Немцы прекрасно понимали ту роль, которую играли в подпольном движении греческого Сопротивления Иванов и его товарищи. Кроме специально расставленных патрулей, за дорогой следило и множество тайных агентов, которых умудрились разместить даже в окнах домов, стоящих по обеим сторонам улиц, где должна была двигаться трагическая процессия. В первой машине ехали офицеры, во второй находились осужденные, в третьей — наряд солдат, выделенный для расстрела.

С трудом взобрались заключенные на грузовик. Георгий держался рядом с ксендзом. Когда машины тронулись в путь, он тихонько шепнул:

— Святой отец, прошу вас, незаметно нагнитесь и завяжите у меня шнурки… Только, пожалуйста, покрепче…

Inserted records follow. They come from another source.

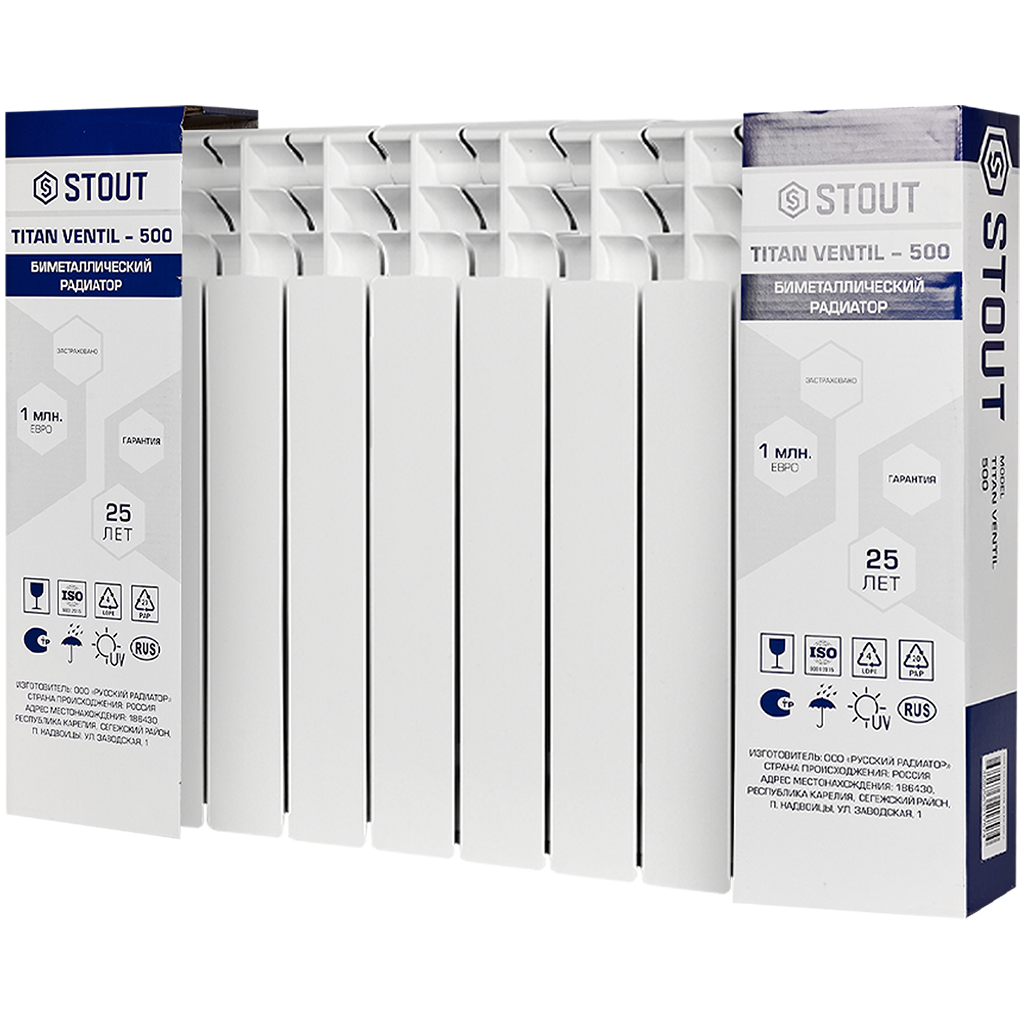SRB-3320-050008 STOUT TITAN VENTIL 500 8 секций радиатор биметаллический нижнее правое подключение (белый RAL 9016)
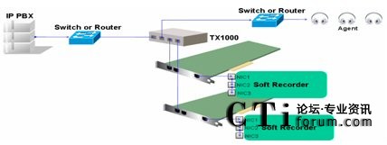 我們知道,現(xiàn)在好多客戶對(duì)傳統(tǒng)鏈路的數(shù)字話機(jī)錄音方案十分了解,這主要得益于數(shù)字話機(jī)錄音時(shí)可以將一些主被叫等信息能過(guò)錄音板卡的D信道傳給用戶調(diào)用。那么現(xiàn)在的IP錄音方案也有多種,但不外乎兩大類,一類是純軟模式,一類是硬件模式。
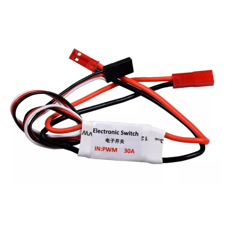 RCES-30A – це напівпровідниковий вимикач, який керується сигналом з приймача та підтримує навантаження до 30А в діапазоні 3.7-27В. Підключивши його до каналу приймача, можна дистанційно вмикати та вимикати додаткове обладнання, таке як фари, бортові вогні, звукові ефекти, димогенератори та електростартери. Вимикач спрацьовує при переході сигналу через 50% (~1500uS). Він оснащений проводами 18AWG з конекторами JST і важить всього 11 г. Ідеальний для використання з 1-6S LiPo акумуляторами.
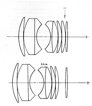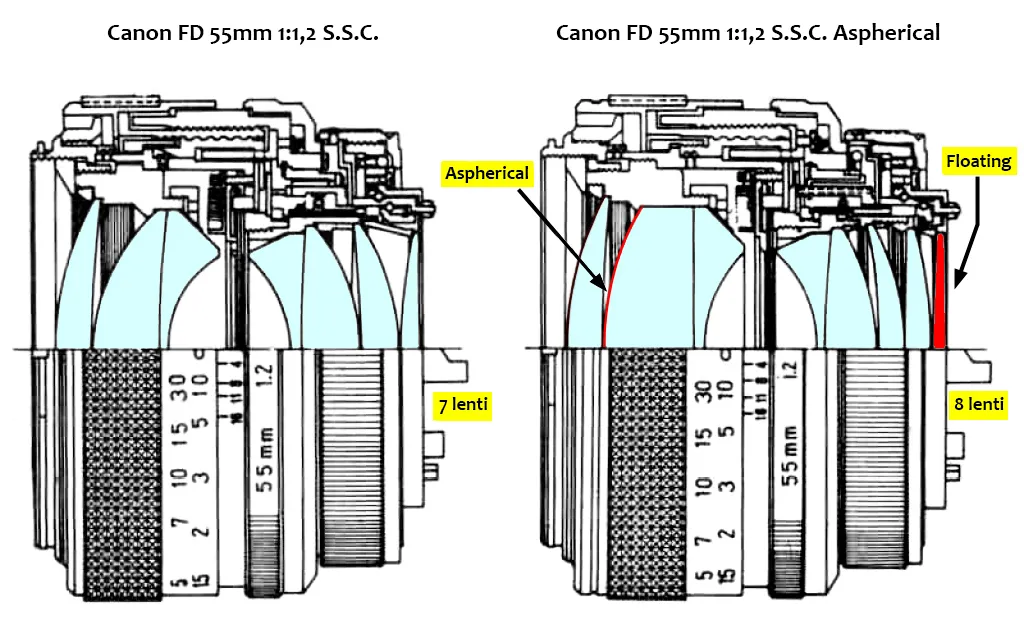 55mm 초고속 렌즈 또한 포커스 링 조작에 따라 광학계 전체가 이동하는 방식이었고, 근경 포커스에서 수차 증대 문제에 대응하기 위해서 FD 55mm f/1.2 AL (Aspherical) 버전에 8번째 플로팅 요소를 추가하여 6군 8매의 구성이다. 플로팅 요소의 작동 방식은 아주 단순했는데, 8번째 요소는 포커스 이동에 관계없이 렌즈 후방에 고정되어 있고, 그 외 요소 그룹은 포커스에 따라 앞뒤로 움직인다. 즉, 8번째 요소와 다른 요소그룹 사이 간격이 포커스 이동에 따라 달라지며 근거리 수차를 보정한다. (상단 우측 이미지 참조)
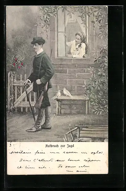 AK Jäger mit Gewehr beim Aufbruch zur Jagd
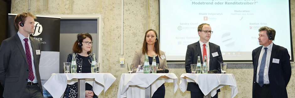In der Schlussrunde ziehen alle Beteiligten eine positive Bilanz zur Entwicklung. Auf Nachfrage aus dem Auditorium, ob denn tatsächlich zu beobachten sei, dass Unternehmen ihr Verhalten in Bezug auf Nachhaltigkeitskriterien ändern würden, bestätigten die Teilnehmer der Podiumsdiskussion ihre positiven Erfahrungen. Das Thema dringe zunehmend in alle Bereiche der Wirtschaft vor. Die Finanzindustrie sei zweifellos in einer Schlüsselposition, um ein allgemeines Umdenken hin zu mehr Verantwortung in vielen ESG-Themenbereichen zu bewirken.

Священник просто не знал, что и думать о такой странной просьбе. Не придавая этому особого значения, он наклонился и кое-как завязал шнурки. По-видимому, взволнованному и усталому старику это давалось с трудом. Георгий только на мосту через Кифиссос почувствовал, что шнурок на левом ботинке затянут, а почти у места был, наконец, завязан и правый шнурок. Подняв на осужденного выцветшие глаза, ксендз прошептал зловещее слово: «Кесариани», — и губы его зашевелились в молитве.

9

Иванов, выходи! (нем.).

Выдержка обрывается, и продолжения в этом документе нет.